[Dataset items]
====

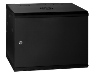
Steel Door - WR6609S
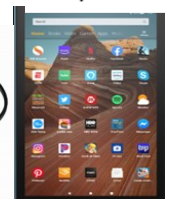
10" Amazon Fire Tablet
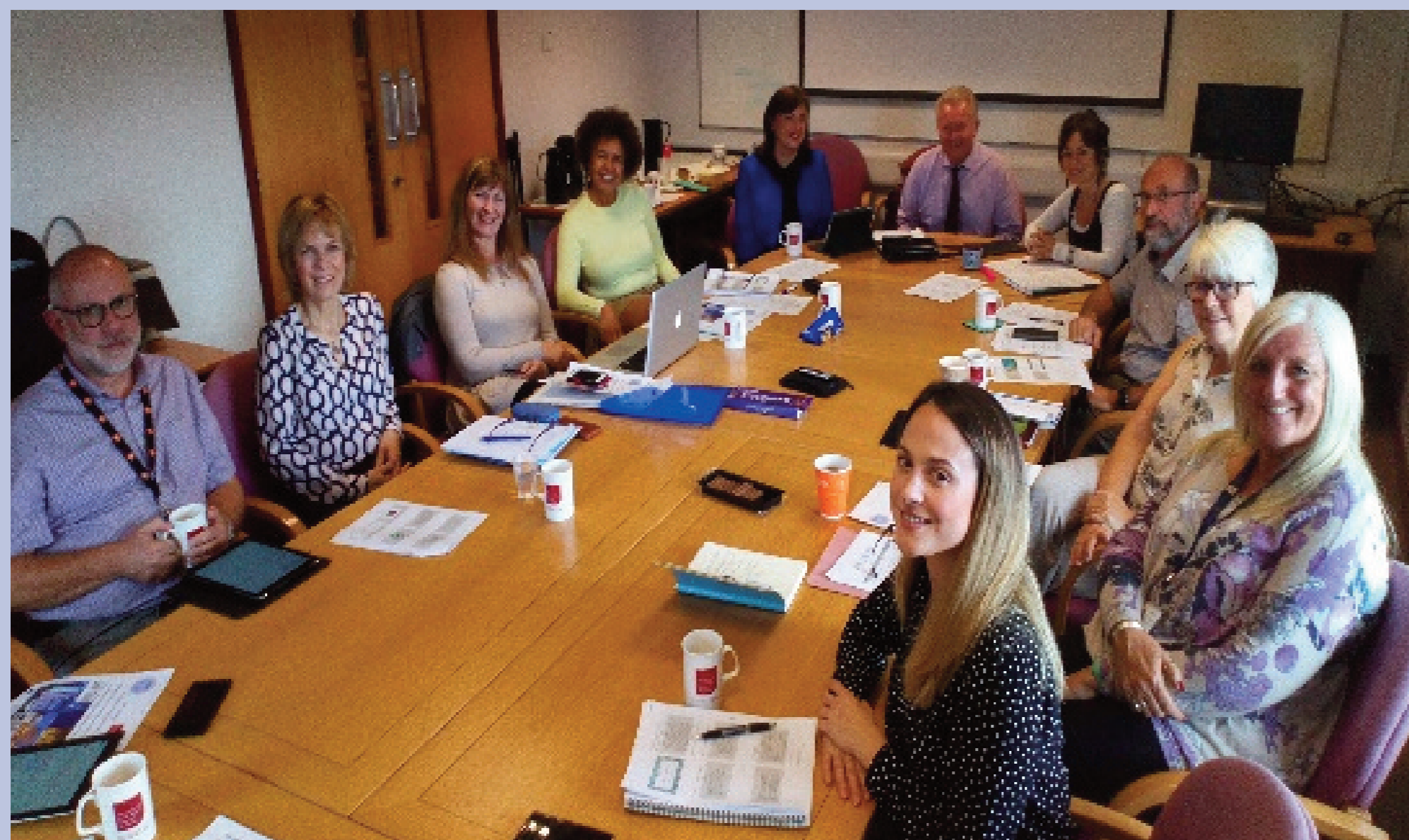
All Wales Spirituality Health and Wellbeing Group (SHaW)
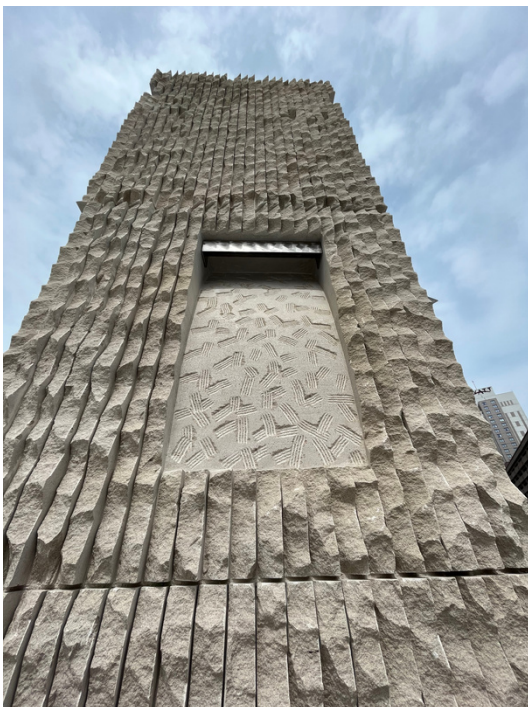
Rundel Terrace Revitalization Project

FFRPL is also the Founding Sponsor of Central's annual juried show, Art of the Book & Paper .
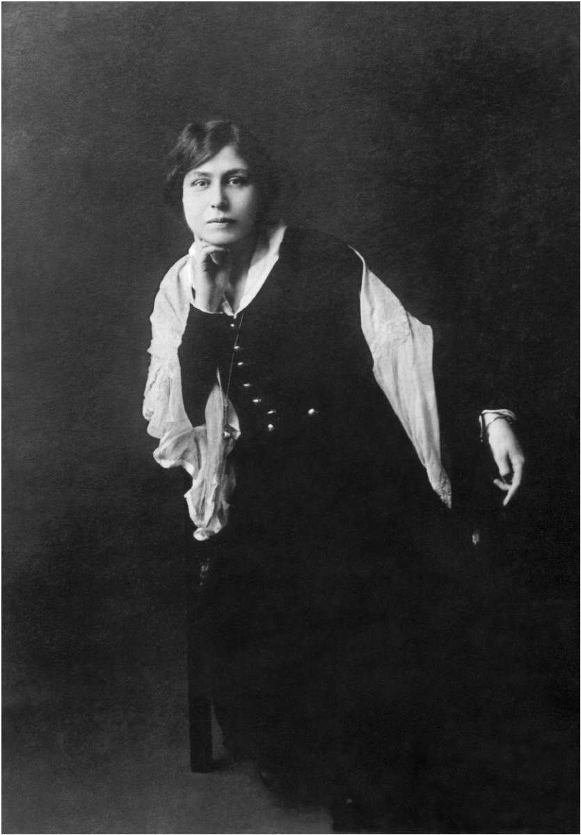
The Mother in Tokyo, 1917
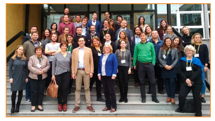
COST Action meeting, Sarajevo, November 2017

Working Group Meetings, 2-3 November 2017 at Faculty of Political Science, University of Sarajevo, Bosnia and Herzegovina
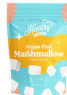
Hearthy Foods Marshmallows
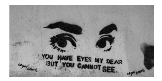
Figure 3. You have eyes my dear but you can't see (Lawlor)

context-driven. The antithesis highlights the inherent dichotomy between mind and body, spiritual and physical, action and inaction. The eye is a complex sensory organ that helps us see and perceive the world around. It is astonishing but the studies show that "our brains acquire about 90% of information from two senses only: sight (about 80%) and hearing (about 10%). The remaining 10% of information is distributed between smell, touch, and taste senses" (Man & Olchawa, 2018, p. 33). However, as a sophisticated instrument of vision, eyes can deter us from doing challenging things since the sight of potential threats fuels the feeling of great fear, which is a primal survival response to dangerous or stressful situations. Sometimes, it is our fear that paves the way for failures and missed opportunities. Consequently, the street artist brings to light the importance of being unbiased and perceptive of new ideas, making them key features of a modern, open-minded person.
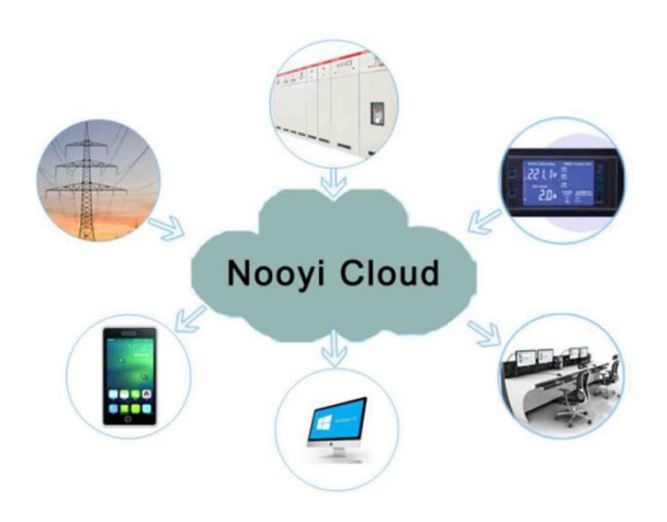
Figure 3. Power control system.

In order to make the cloud computing virtual model maintain high stability in computer data processing, is necessary to first query the characteristics of the client component in the frame design and use the method of critical path index to judge the effectiveness of data processing. At the same time, in order to reduce the utilization of local resources as much as possible, distributed data stream parallel computing can be used. In this computing method, the data stream needs to establish a channel with the help of TCP during the execution of the data stream and then obtain the cloud, wireless network and client Within the model. Through the cloud computing virtual model, in addition to analyzing and reconstructing computer data, it can also integrate and dynamically allocate data, which can improve data computing capabilities and meet the needs of users<sup>[4]</sup>. The power control system is in the figure below.
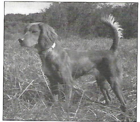
REDSTONE First in the Open Restricted Shooting Dog Stake
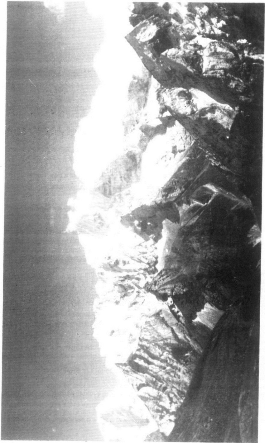
Tilman's "Fluted Peak" From Tserko.
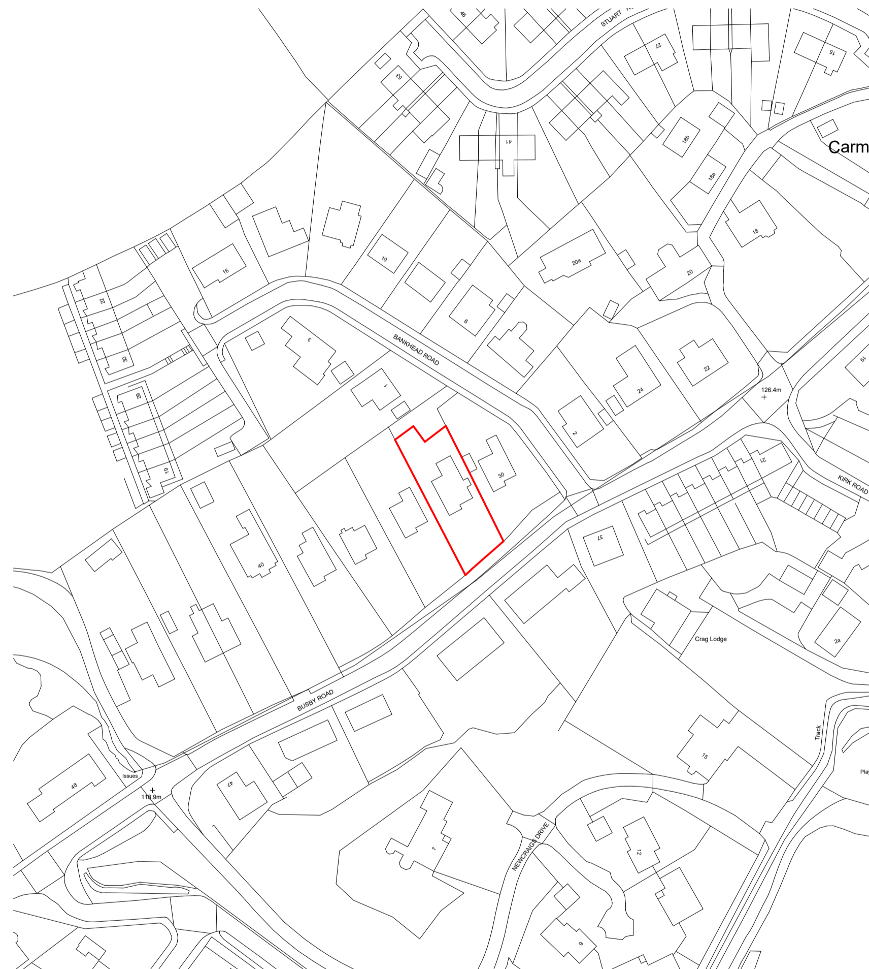
2 SITE PLAN - AS EXISTING 1:1250
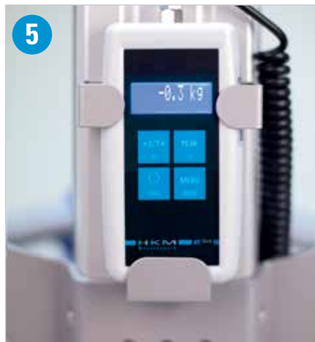
5 Optional: calibrated digital patient scale with auto-off feature.
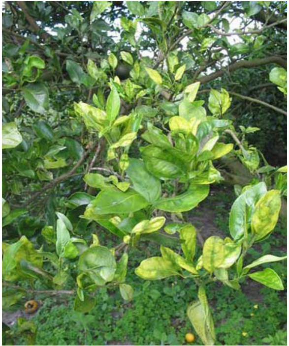
Figure 9. Huanglongbing or greening disease damage to a sweet orange tree.

Capoor et al. (1974) described greening symptoms of citrus as trees showing stunted growth, sparsely foliated branches, unseasonal bloom, leaf and fruit drop, and twig dieback. Young leaves are chlorotic, with green banding along the major veins. Mature leaves have yellowish-green patches between veins, and midribs are yellow. In severe cases, leaves become chlorotic and have scattered spots of green. Fruits on greened trees are small, generally lopsided, underdeveloped, unevenly colored, hard, and poor in juice. The columella (the internal, central columnlike structure found in citrus and other fruits) was found to be almost always curved in sweet orange fruits and apparently is the most reliable diagnostic symptom of greening. Most seeds in diseased fruits are small and dark colored.
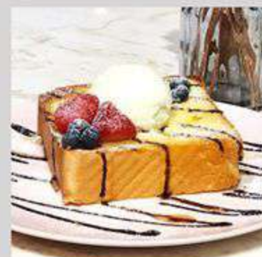
Golden Honey Toast 9.8 with ice-cream

====

In the data above, retype only the stretch from the line with "Working Group Meetings, 2-3" through the line with "Figure 3. You", word for word, and skip any pictures.

Working Group Meetings, 2-3 November 2017 at Faculty of Political Science, University of Sarajevo, Bosnia and Herzegovina
Hearthy Foods Marshmallows
Figure 3. You have eyes my dear but you can't see (Lawlor)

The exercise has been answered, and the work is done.